───── COLLECTED MATERIAL

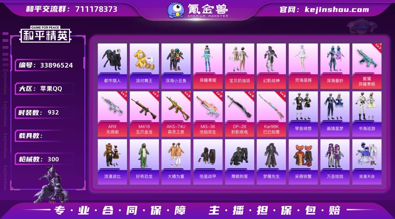 【特价出售】钱包无法注销苹果Q-7稀有5粉装12特效枪28热门227套装300枪皮 83770热力值 11印记 历史卓越王牌17星 【7稀有】 M416-黄金龙骨 AWM-黄金龙骨 AKM-缤纷海域 都市猎人 浪漫天命 派对舞王 派对舞王(金靴子) 【5粉装】 宝贝奶油派 荧海星豚 深海曼妙 异瞳寒姬 幻影战神 【12特效枪】 M416-五爪金龙 (7级) AKS-74U-森灵之息 (5级) Kar98K-巳巳如意 (5级) MG-36-沧焰双生 (5级) DP-28-豹影疾电 (5级) ARX-无垠阁 (7级) 蜜獾-异瞳寒姬 (7级) Mk14-福马献瑞 (3级) AA12-G-萌骑幻想 (5级) PKM-萌骑夺宝 (1级) UMP45-萌骑冒险 (5级) ACE32-萌骑漫游 (5级) 【28热门】 小丑鱼 浪漫假日 青涩年华 雪山精英 梦魇先生 呆萌铁蟹 万圣娃娃 鹰眼刺客 好奇恐龙 深海小丑鱼 大橘为重 浪漫波比 金羽特工 SS1特训 团圆交子 瑞龙福将 忍者信条 狂沙舞者 漫步者 破蛋小黄鸡 风华少年志 白月香洋装 新侠客行 黑色刀锋 弄潮海豚 M416-魔法学院 M762-瑞龙福将 S686-奇异狩猎者 【2头盔】 幻影战神头盔 金羽特工头盔 【5背包】 幻影战神背包 萌熊伴侣背包 深海小丑鱼背包 潮萌小黄鸭背包 金羽特工背包
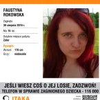 Fundacja ITAKA – na prośbę rodziny i we współpracy z policją prowadzi poszukiwania zaginionej Faustyny Rokowskiej
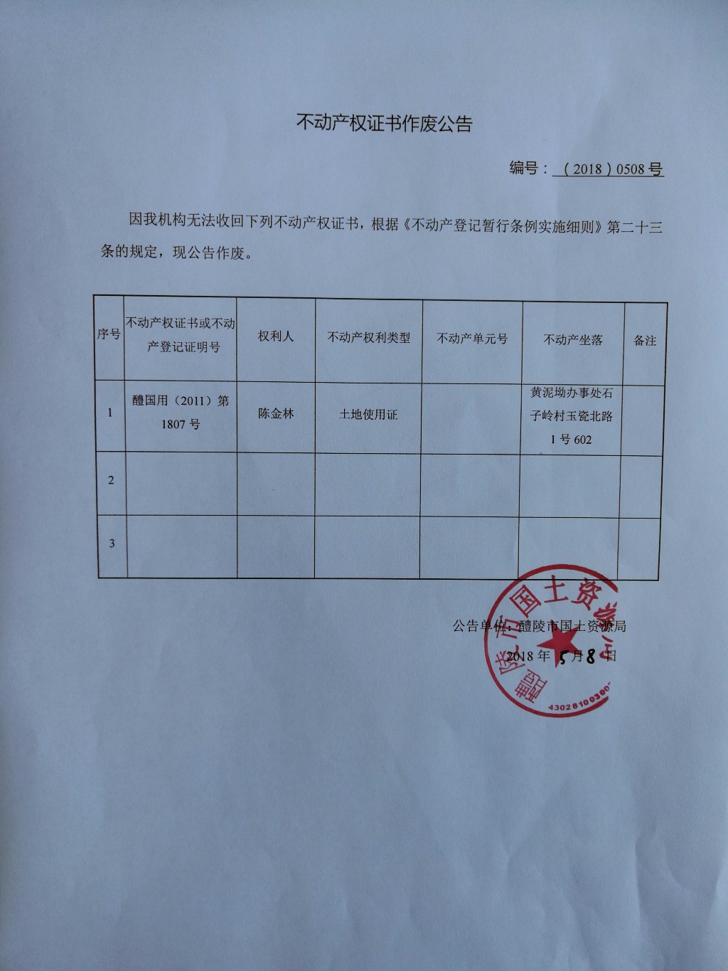 不动产权证书作废公告(陈金林)
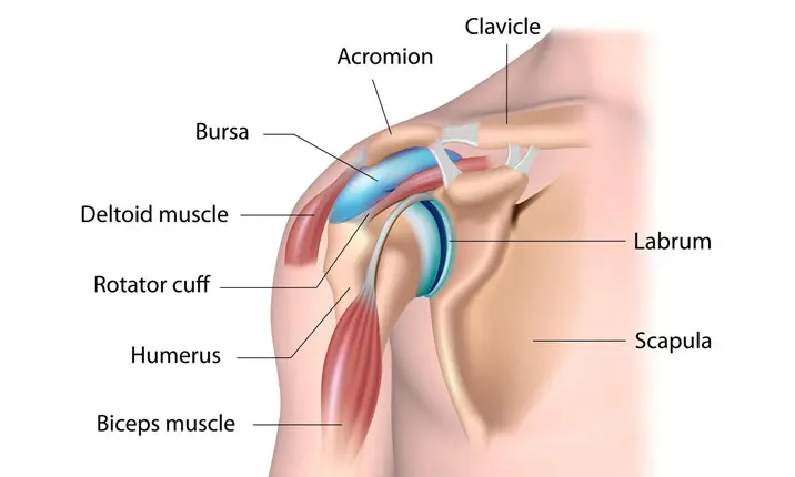 Bahu Anda adalah titik di mana tulang lengan atas Anda, yang dikenal sebagai humerus, bertemu dengan tulang belikat Anda, juga dikenal sebagai skapula. Rotator cuff terdiri dari otot dan tendon yang menopang persendian, dan ada cairan di kantong kecil yang disebut bursa yang mengelilingi sendi dan melindungi rotator cuff.

──────────

[ABOUT THIS EXERCISE]
In copying the listing, reproduce each line exactly and omit the pictures.

[ANSWER SECTION]
 【特价出售】钱包无法注销苹果Q-7稀有5粉装12特效枪28热门227套装300枪皮 83770热力值 11印记 历史卓越王牌17星 【7稀有】 M416-黄金龙骨 AWM-黄金龙骨 AKM-缤纷海域 都市猎人 浪漫天命 派对舞王 派对舞王(金靴子) 【5粉装】 宝贝奶油派 荧海星豚 深海曼妙 异瞳寒姬 幻影战神 【12特效枪】 M416-五爪金龙 (7级) AKS-74U-森灵之息 (5级) Kar98K-巳巳如意 (5级) MG-36-沧焰双生 (5级) DP-28-豹影疾电 (5级) ARX-无垠阁 (7级) 蜜獾-异瞳寒姬 (7级) Mk14-福马献瑞 (3级) AA12-G-萌骑幻想 (5级) PKM-萌骑夺宝 (1级) UMP45-萌骑冒险 (5级) ACE32-萌骑漫游 (5级) 【28热门】 小丑鱼 浪漫假日 青涩年华 雪山精英 梦魇先生 呆萌铁蟹 万圣娃娃 鹰眼刺客 好奇恐龙 深海小丑鱼 大橘为重 浪漫波比 金羽特工 SS1特训 团圆交子 瑞龙福将 忍者信条 狂沙舞者 漫步者 破蛋小黄鸡 风华少年志 白月香洋装 新侠客行 黑色刀锋 弄潮海豚 M416-魔法学院 M762-瑞龙福将 S686-奇异狩猎者 【2头盔】 幻影战神头盔 金羽特工头盔 【5背包】 幻影战神背包 萌熊伴侣背包 深海小丑鱼背包 潮萌小黄鸭背包 金羽特工背包
 Fundacja ITAKA – na prośbę rodziny i we współpracy z policją prowadzi poszukiwania zaginionej Faustyny Rokowskiej
 不动产权证书作废公告(陈金林)
 Bahu Anda adalah titik di mana tulang lengan atas Anda, yang dikenal sebagai humerus, bertemu dengan tulang belikat Anda, juga dikenal sebagai skapula. Rotator cuff terdiri dari otot dan tendon yang menopang persendian, dan ada cairan di kantong kecil yang disebut bursa yang mengelilingi sendi dan melindungi rotator cuff.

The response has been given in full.